January 14, 2016

"The cartoon... would be easy to misread as endorsing rather than satirizing the idea that Aylan Kurdi would have grown up to sexually assault European women."

"As was to be expected, this has sparked yet another round of Twitter debates as to whether these misreadings are the fault of Charlie Hebdo or of oversensitive readers who are unable to grasp satire."

Max Fisher, at Vox, tries to explain this:



Fisher is sure of the point: "Their 'point' here is that European anti-refugee sentiment, when laid bare, ultimately leads to the ridiculous and indeed hateful idea that even Kurdi is a threat to European women."

I tend to think that those who express themselves through art — including comics art — like ambiguity and layers of meaning and enjoy making everyone uncomfortable. To say I'm sure that the point is the thing that I believe would be the good thing to say is to be an out-and-proud non-artist.

29 comments:

MikeR said...

Fisher is sure of the point? Well, I'm just as sure of the point he tries to say is not there. Is he really sure?

buster said...

"I tend to think that those who express themselves through art ... like ambiguity and meaning and enjoy making everyone uncomfortable."

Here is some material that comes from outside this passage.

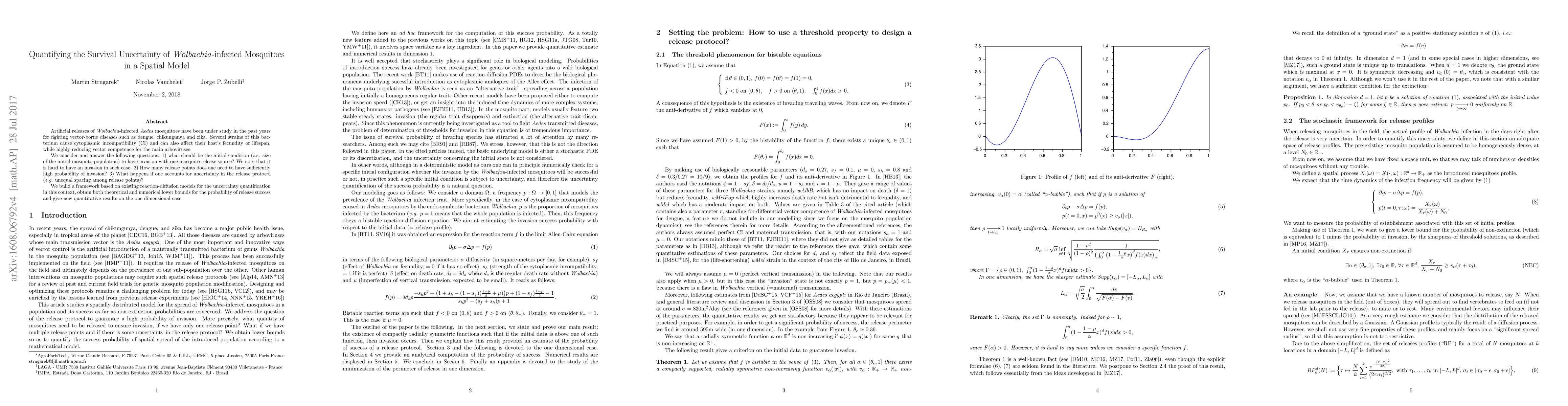Artificial releases of Wolbachia-infected Aedes mosquitoes have been under study in the past years for fighting vector-borne diseases such as dengue, chikungunya and zika. Several strains of this bacterium cause cytoplasmic incompatibility (CI) and can also affect their host's fecundity or lifespan, while highly reducing vector competence for the main arboviruses .We consider and answer the following questions: 1) what should be the initial condition (i.e. size of the initial mosquito population) to have invasion with one mosquito release source? We note that it is hard to have an invasion in such case. 2) How many release points does one need to have sufficiently high probability of invasion? 3) What happens if one accounts for uncertainty in the release protocol (e.g. unequal spacing among release points)? We build a framework based on existing reaction-diffusion models for the uncertainty quantification in this context, obtain both theoretical and numerical lower bounds for the probability of release success and give new quantitative results on the one dimensional case.

So what's the point of the cartoon?

That it's reasonable to assume the boy would grow up to be a groper? That it's unreasonable? Both? Neither? We just want to make you uncomfortable?

Ironclad said...

I don't think it would be an unreasonable assumption that someone raised in a culture that has decidedly non-Western attitudes about women would not act out if he grew up even in Europe.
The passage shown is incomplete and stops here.